### Task to complete
Your output should be exactly the lines from the one containing "This 1975 classic" through the final line of the following data, please, with no pictures.

(Source data)

--------------------------------------------------

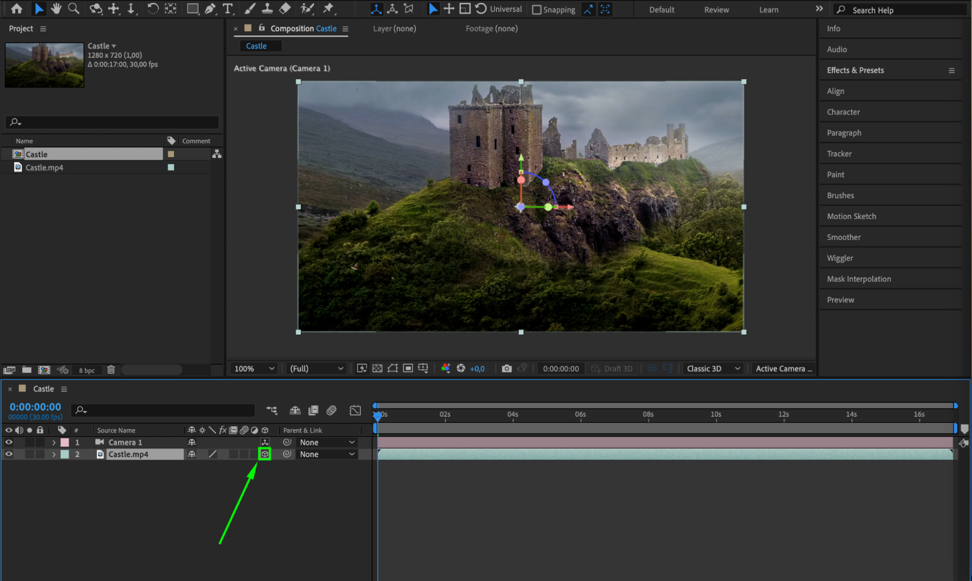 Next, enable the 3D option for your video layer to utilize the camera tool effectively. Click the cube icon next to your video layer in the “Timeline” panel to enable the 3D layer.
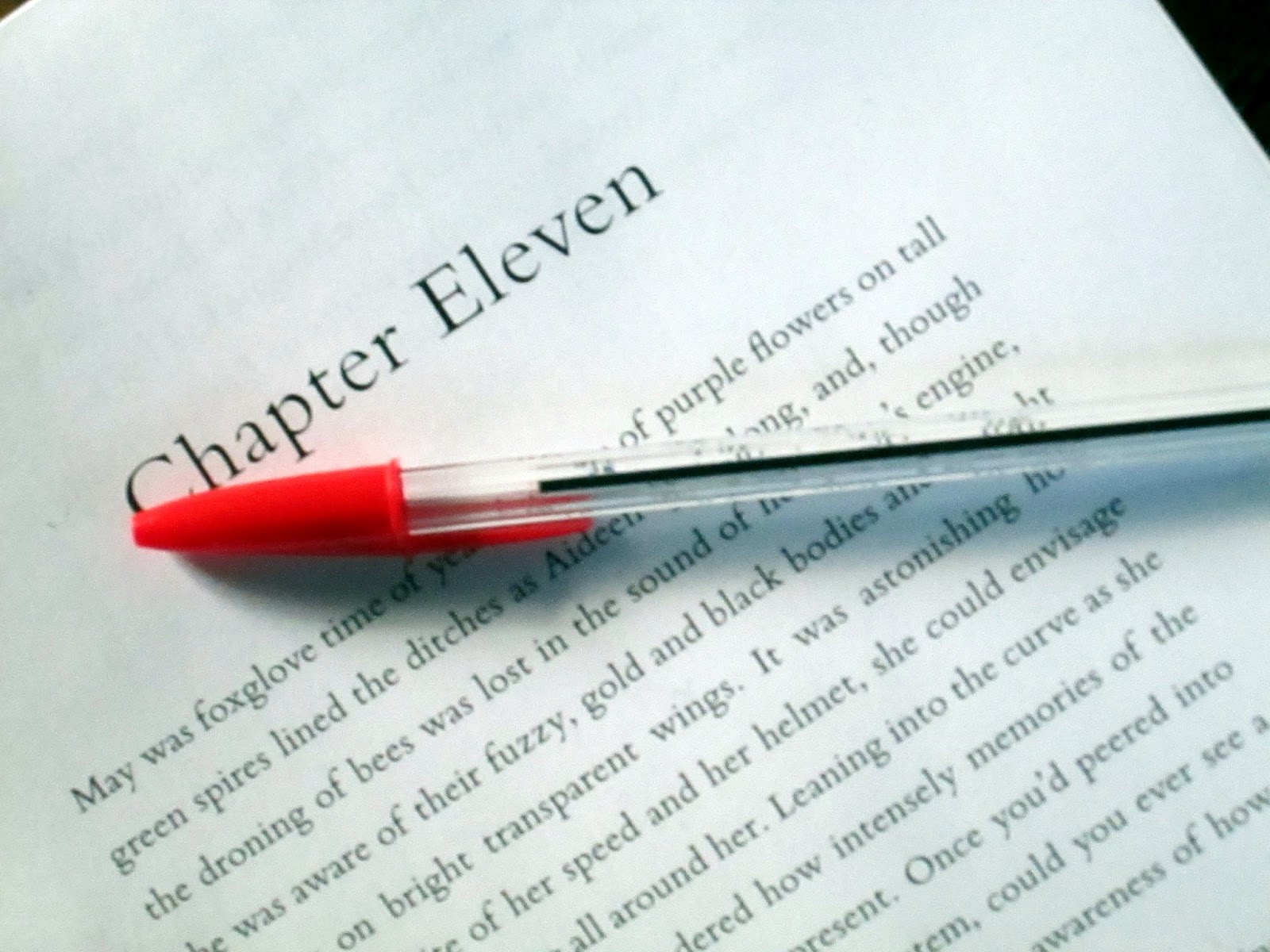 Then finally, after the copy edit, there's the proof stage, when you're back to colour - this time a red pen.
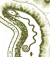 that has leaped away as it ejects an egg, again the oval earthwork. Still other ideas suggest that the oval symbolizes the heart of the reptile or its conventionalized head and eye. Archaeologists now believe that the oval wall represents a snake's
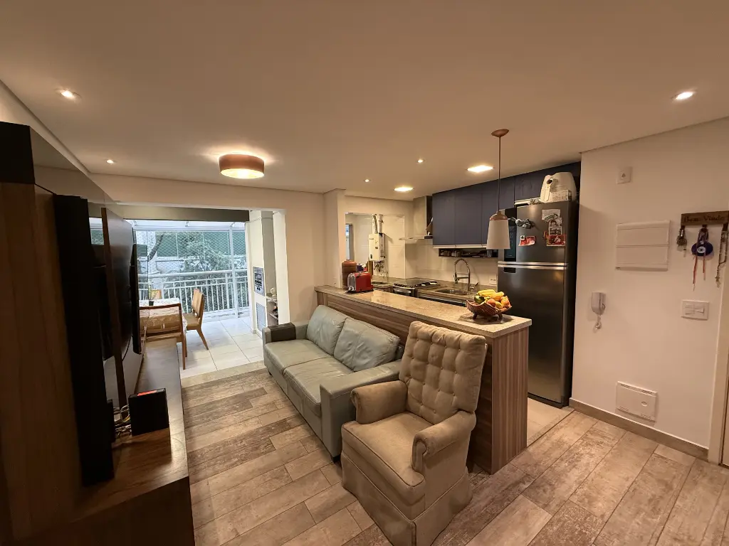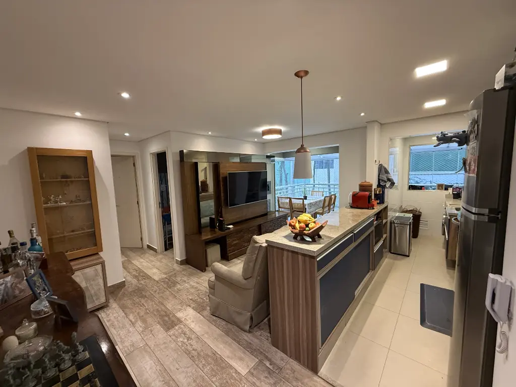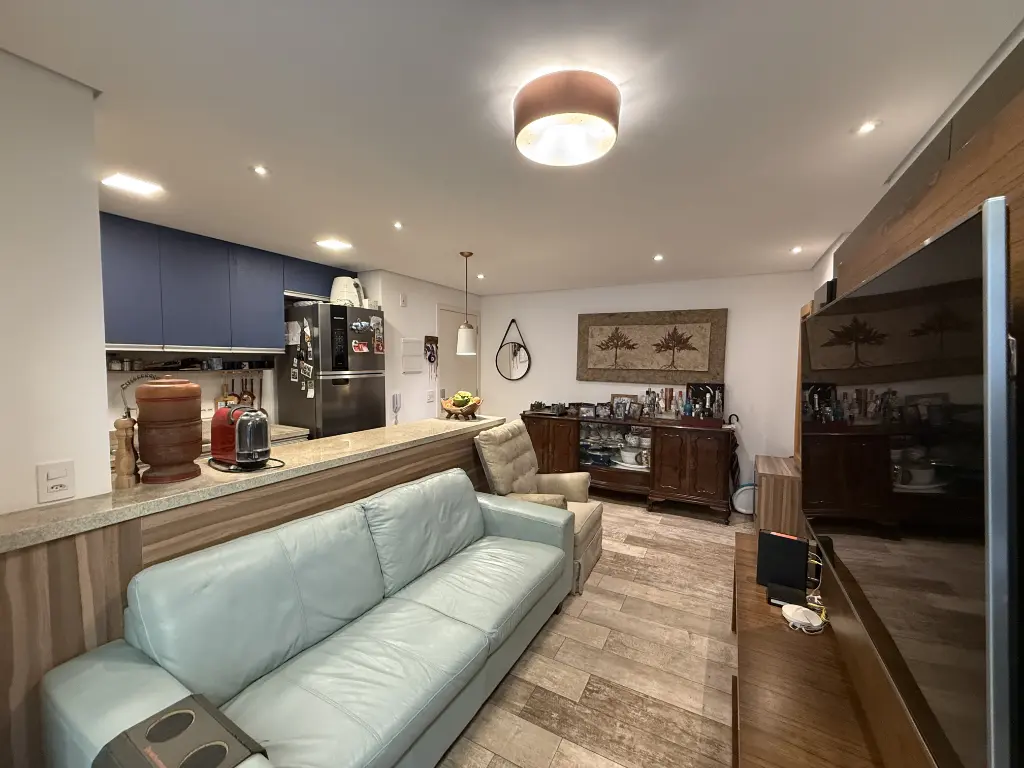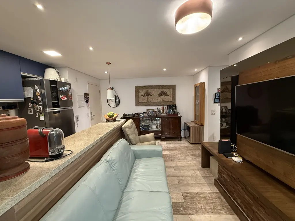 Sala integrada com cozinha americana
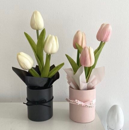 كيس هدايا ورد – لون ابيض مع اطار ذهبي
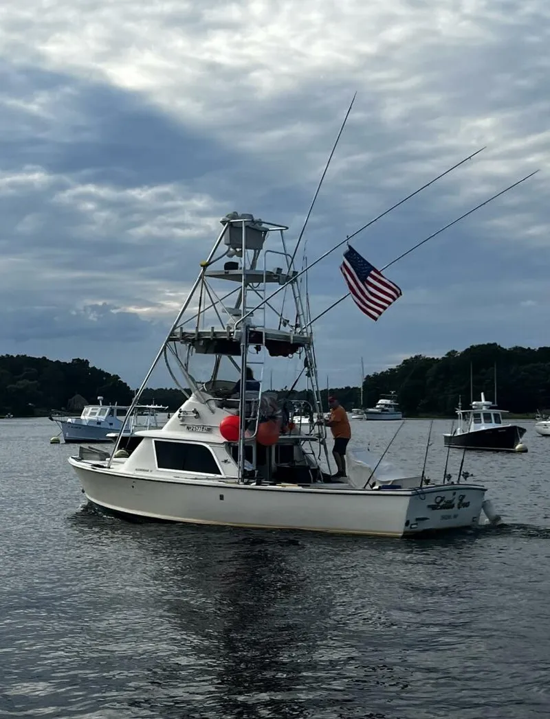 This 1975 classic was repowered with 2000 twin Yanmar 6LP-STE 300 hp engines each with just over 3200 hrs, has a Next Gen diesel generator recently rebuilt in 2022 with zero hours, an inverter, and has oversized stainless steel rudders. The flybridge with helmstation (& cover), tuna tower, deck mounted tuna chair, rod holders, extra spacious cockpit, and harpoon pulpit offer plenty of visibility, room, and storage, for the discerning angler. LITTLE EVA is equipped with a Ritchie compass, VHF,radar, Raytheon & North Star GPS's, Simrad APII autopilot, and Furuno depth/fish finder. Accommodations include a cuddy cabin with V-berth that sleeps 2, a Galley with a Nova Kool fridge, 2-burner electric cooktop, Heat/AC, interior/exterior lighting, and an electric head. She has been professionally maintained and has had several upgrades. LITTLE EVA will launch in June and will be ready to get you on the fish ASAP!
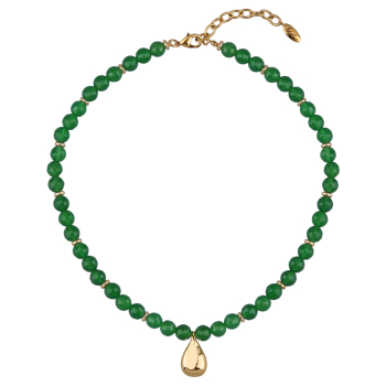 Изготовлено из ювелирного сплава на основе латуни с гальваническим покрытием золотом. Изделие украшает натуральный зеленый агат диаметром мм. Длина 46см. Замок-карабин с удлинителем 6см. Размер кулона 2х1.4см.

--------------------------------------------------

### Exercise output
 This 1975 classic was repowered with 2000 twin Yanmar 6LP-STE 300 hp engines each with just over 3200 hrs, has a Next Gen diesel generator recently rebuilt in 2022 with zero hours, an inverter, and has oversized stainless steel rudders. The flybridge with helmstation (& cover), tuna tower, deck mounted tuna chair, rod holders, extra spacious cockpit, and harpoon pulpit offer plenty of visibility, room, and storage, for the discerning angler. LITTLE EVA is equipped with a Ritchie compass, VHF,radar, Raytheon & North Star GPS's, Simrad APII autopilot, and Furuno depth/fish finder. Accommodations include a cuddy cabin with V-berth that sleeps 2, a Galley with a Nova Kool fridge, 2-burner electric cooktop, Heat/AC, interior/exterior lighting, and an electric head. She has been professionally maintained and has had several upgrades. LITTLE EVA will launch in June and will be ready to get you on the fish ASAP!
 Изготовлено из ювелирного сплава на основе латуни с гальваническим покрытием золотом. Изделие украшает натуральный зеленый агат диаметром мм. Длина 46см. Замок-карабин с удлинителем 6см. Размер кулона 2х1.4см.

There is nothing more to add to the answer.